[Items from a data source]
━━━━━━━━━━━━━━━━

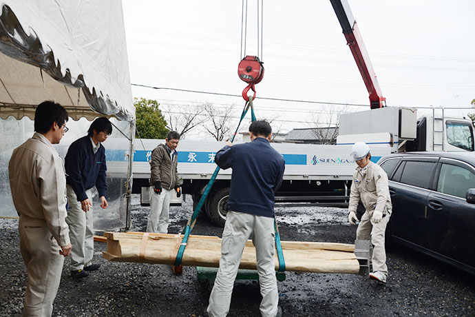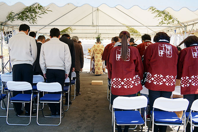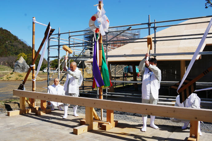 その後ほどなくして、上棟式が執り行われました。まだ冬の寒さが残る快晴の日でした。
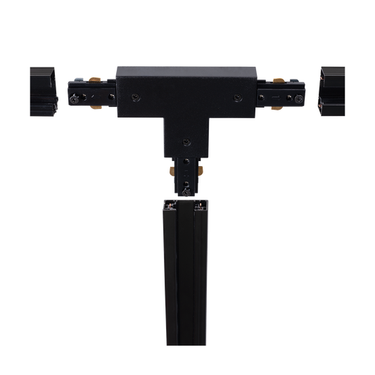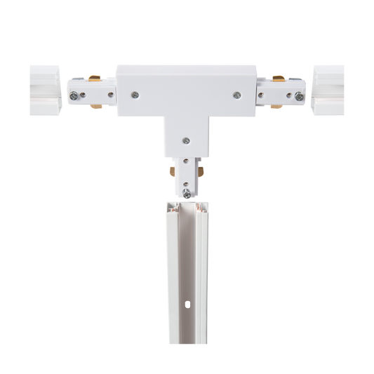 All the components of a track lighting system contain conductors and earthing. The earthing is on one side of the track, and that’s why it is important to know which side the earthing is on in your configuration. You should take this into account right from the start, when deciding on your configuration, to make sure you order the right components. This is especially important for the L-shape and T-split connectors. When configuring a straight track without angles, you do not need to take earthing into account.
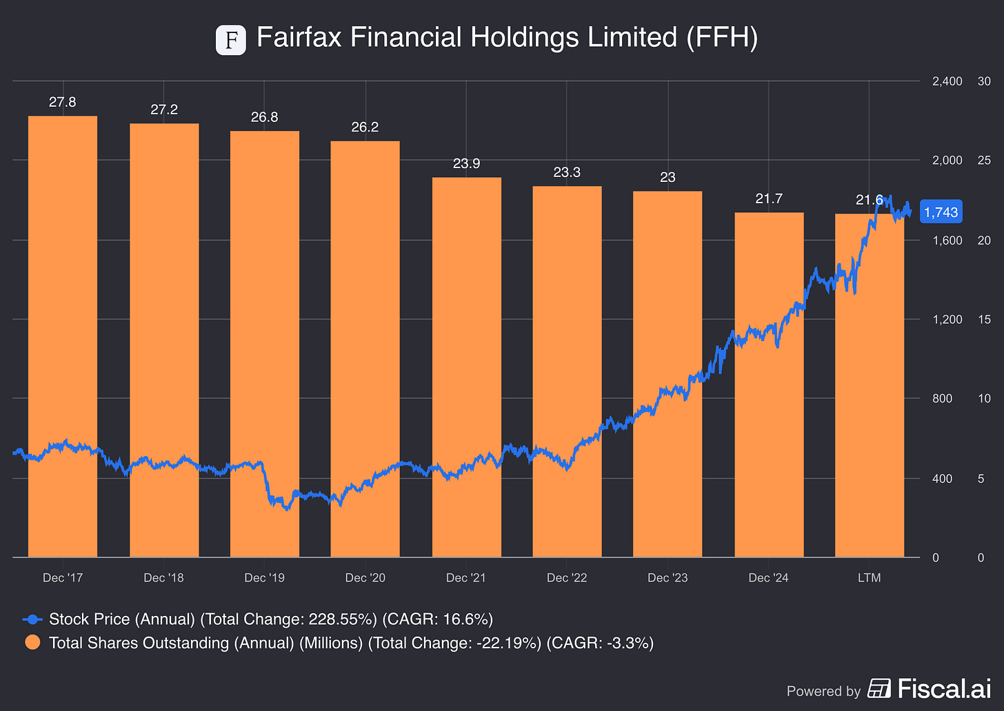 De laatste jaren kocht Watsa ook veel eigen aandelen in. Sindsdien is de koers sterk gestegen.
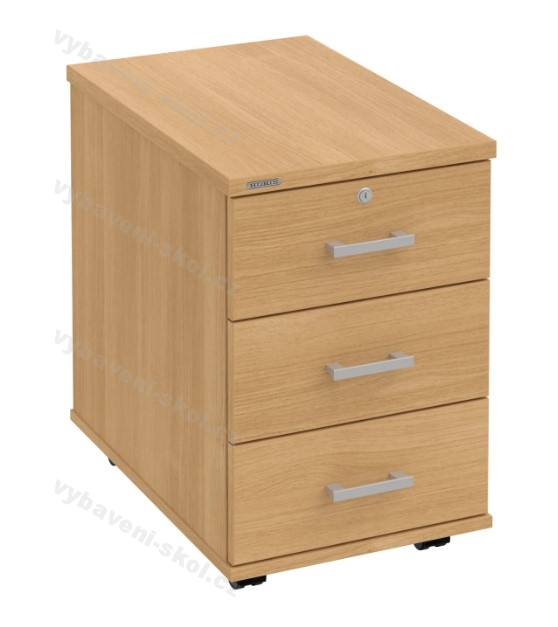 Základním materiálem korpusu kontejneru K 33 P, léta podél, umístěný na kolečkách, je kvalitní laminovaná dřevotřísková deska o tloušťce 18 mm. Kontejner se skládá ze tří zásuvek. Aby byla zajištěna dlouhodobá životnost, byla použita pro horní díl korpusu deska, jejíž tloušťka je 25 mm. Kvalitní ochranou proti poškození je také 2 mm ABS hrana na horním i spodním dílu korpusu. Usazením kontejneru na sokl 39x20x52,5 cm (ŠxVxH) docílíte dorovnání výšky kontejneru na úroveň stolu a tím zvětšíte pracovní plochu stolové sestavy. Zásuvky jsou z plastu, který je snadno omyvatelný a vhodný pro jednoduchou údržbu. Čela zásuvek jsou vytvořena z kvalitní dřevotřískové desky o tloušťce 18 mm a jsou také vybavena odolnou 2 mm ABS hranou, která garantuje dostatečnou ochranu proti mechanickému i dynamickému poškození. Tento model je BEZ systému STOP-CONTROL. Uzamykatelná pouze horní zásuvka.
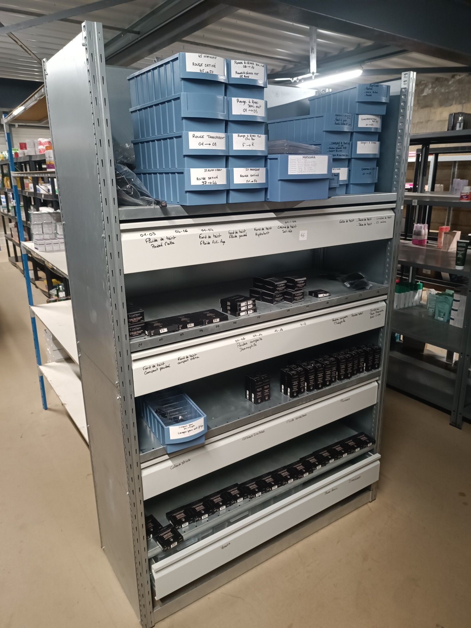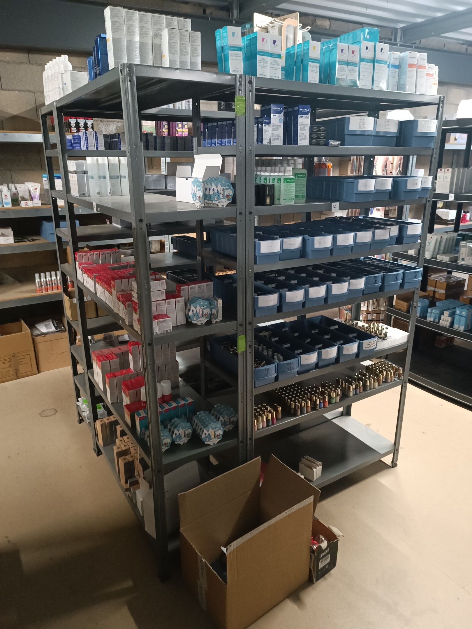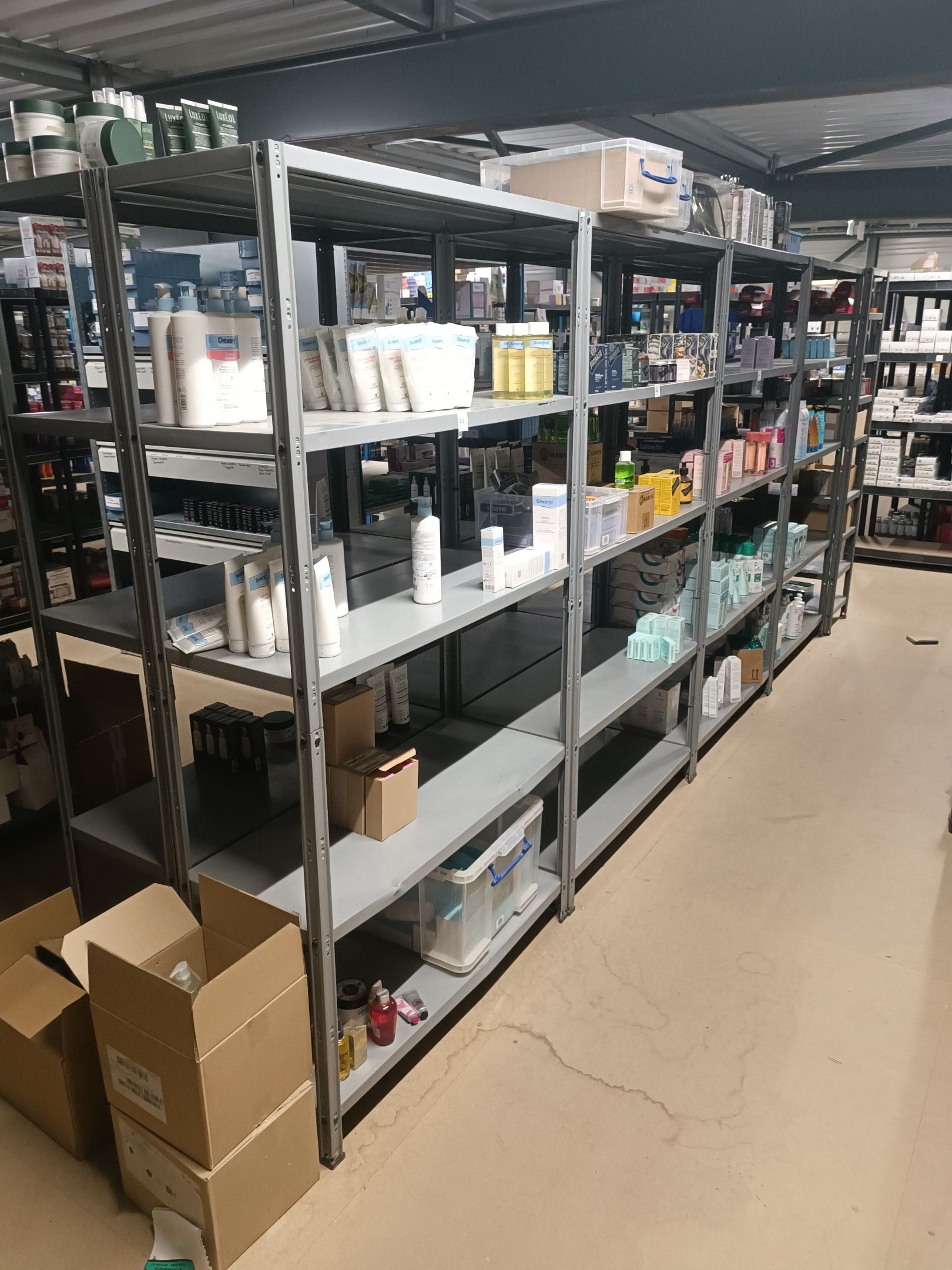 First floor. 14 grey metal shelves 186x100x40 and shelf with 4 drawers 200x128x50
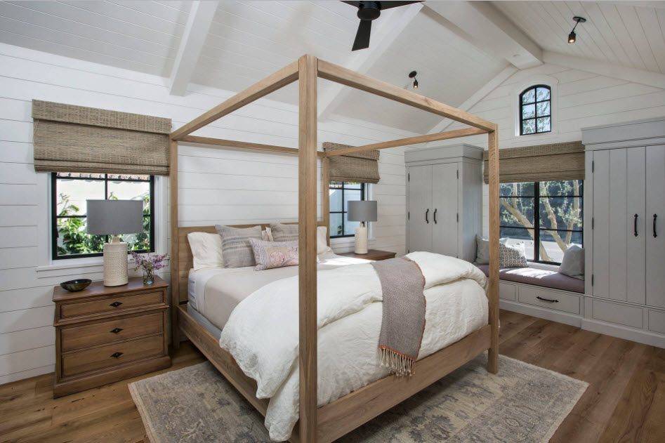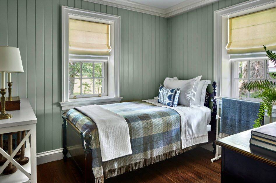 Площадь комнаты, выбранной для спальни, в таких домах в большинстве случаев не превышает 6-10 м². Но даже здесь можно организовать полноценную зону отдыха.
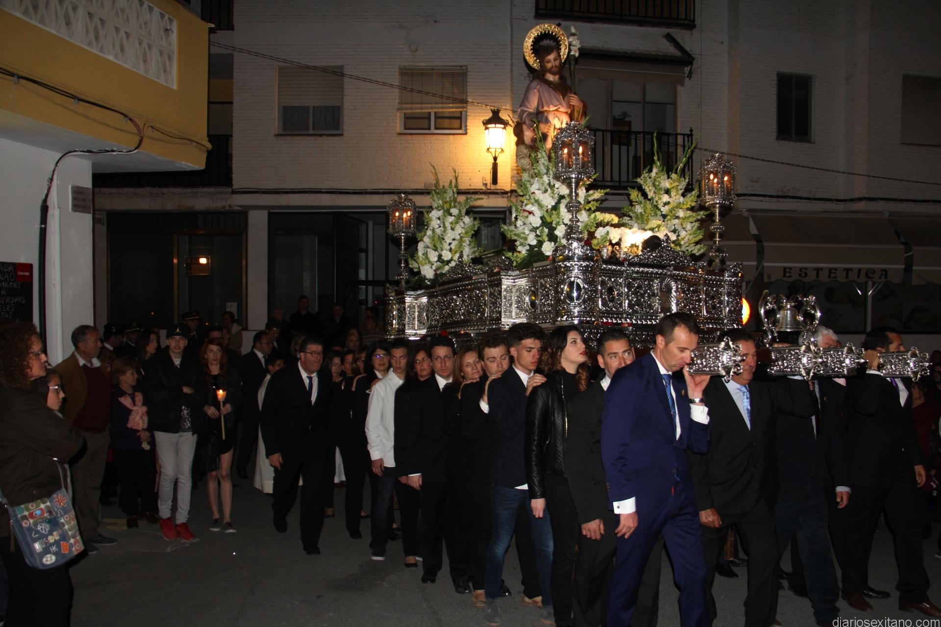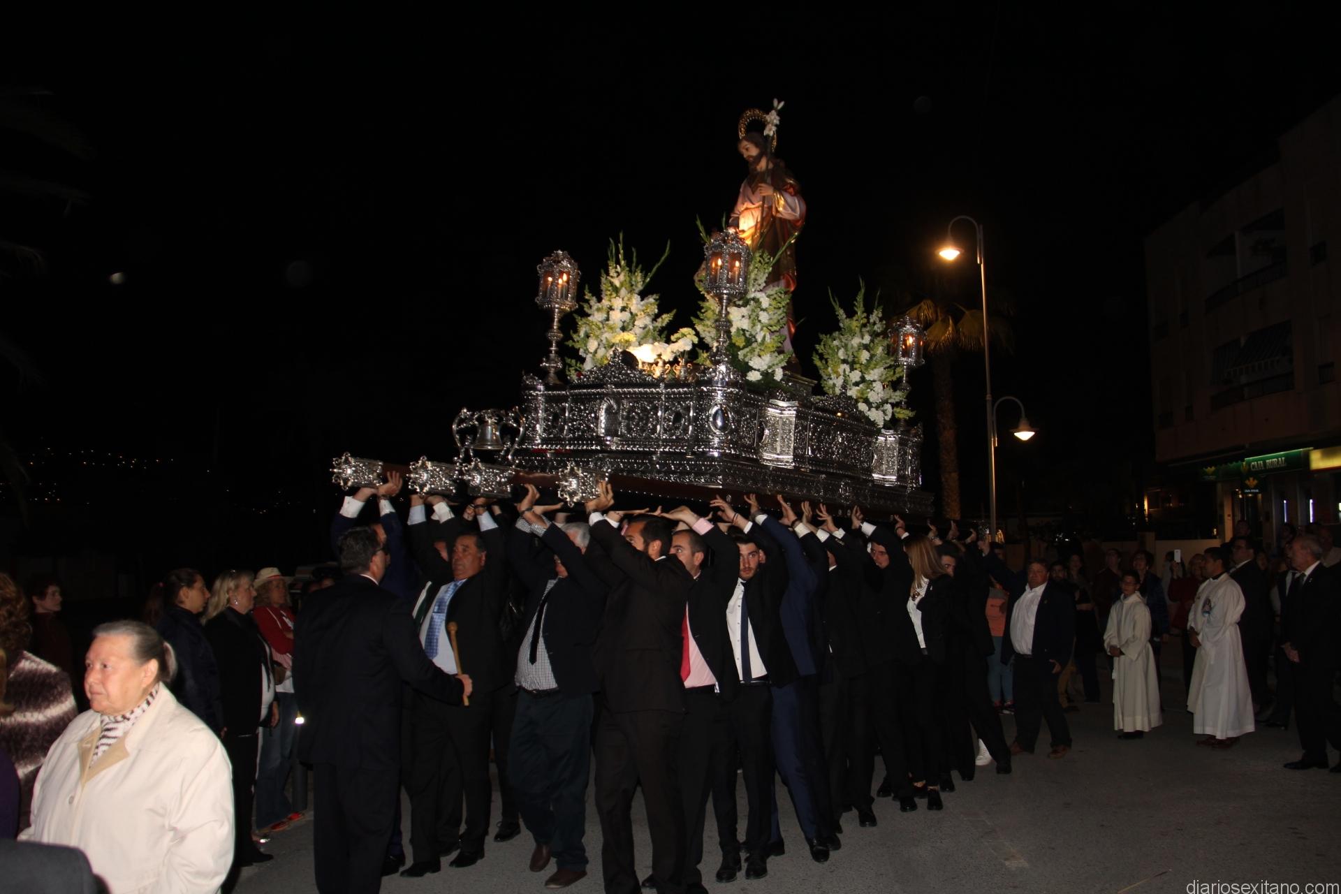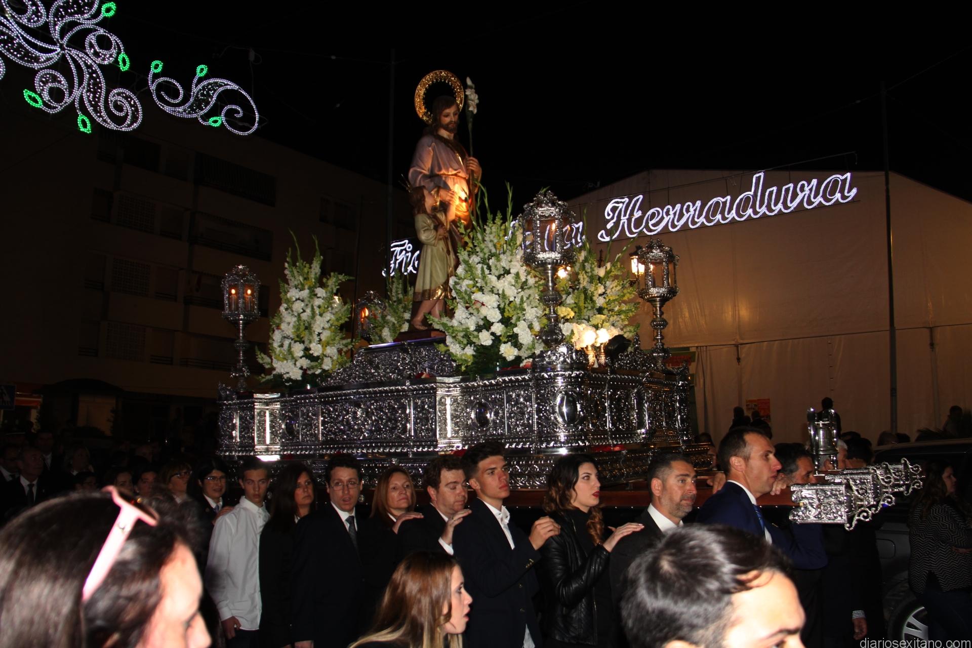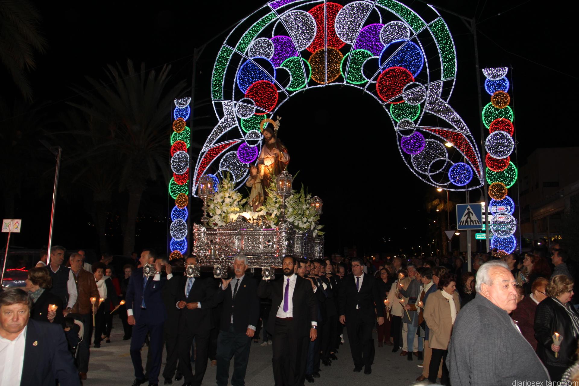La Imagen de San José partía de la Iglesia Parroquial para recorrer el centro de la localidad y acercarse hasta la playa. En el cortejo procesional religioso, presidido por el cura párroco, Néstor Robledo, estuvieron presentes las autoridades locales, encabezadas por la alcaldesa, Trinidad Herrera, y el primer teniente de alcalde y delegado de Servicios de La Herradura, Juan José Ruiz Joya, junto a otros corporativos. Durante las casi dos horas que se prolongó la procesión el acompañamiento musical estuvo a cargo del Banda de Tambores y Cornetas de La Sentencia de Almuñécar. Momentos destacados del cortejo estuvieron fue la llegada de la Imagen hasta la vial de la playa desde la Acera del Pilar y el final En ambos, además del sonido y vistosidad de los fuegos artificiales de la pirotecnia de Esteban Martín, destaca el esfuerzo y entrega de los horquilleros levantando a pulso el trono a las ordenes de Joaquín Ramírez y con la ayuda de Ernesto Barbero.

━━━━━━━━━━━━━━━━

- Your task
Copy word for word only the lines above from the one with "Základním materiálem korpusu" through the one with "First floor. 14". Leave pictures out.

- Result of this task
 Základním materiálem korpusu kontejneru K 33 P, léta podél, umístěný na kolečkách, je kvalitní laminovaná dřevotřísková deska o tloušťce 18 mm. Kontejner se skládá ze tří zásuvek. Aby byla zajištěna dlouhodobá životnost, byla použita pro horní díl korpusu deska, jejíž tloušťka je 25 mm. Kvalitní ochranou proti poškození je také 2 mm ABS hrana na horním i spodním dílu korpusu. Usazením kontejneru na sokl 39x20x52,5 cm (ŠxVxH) docílíte dorovnání výšky kontejneru na úroveň stolu a tím zvětšíte pracovní plochu stolové sestavy. Zásuvky jsou z plastu, který je snadno omyvatelný a vhodný pro jednoduchou údržbu. Čela zásuvek jsou vytvořena z kvalitní dřevotřískové desky o tloušťce 18 mm a jsou také vybavena odolnou 2 mm ABS hranou, která garantuje dostatečnou ochranu proti mechanickému i dynamickému poškození. Tento model je BEZ systému STOP-CONTROL. Uzamykatelná pouze horní zásuvka.
 First floor. 14 grey metal shelves 186x100x40 and shelf with 4 drawers 200x128x50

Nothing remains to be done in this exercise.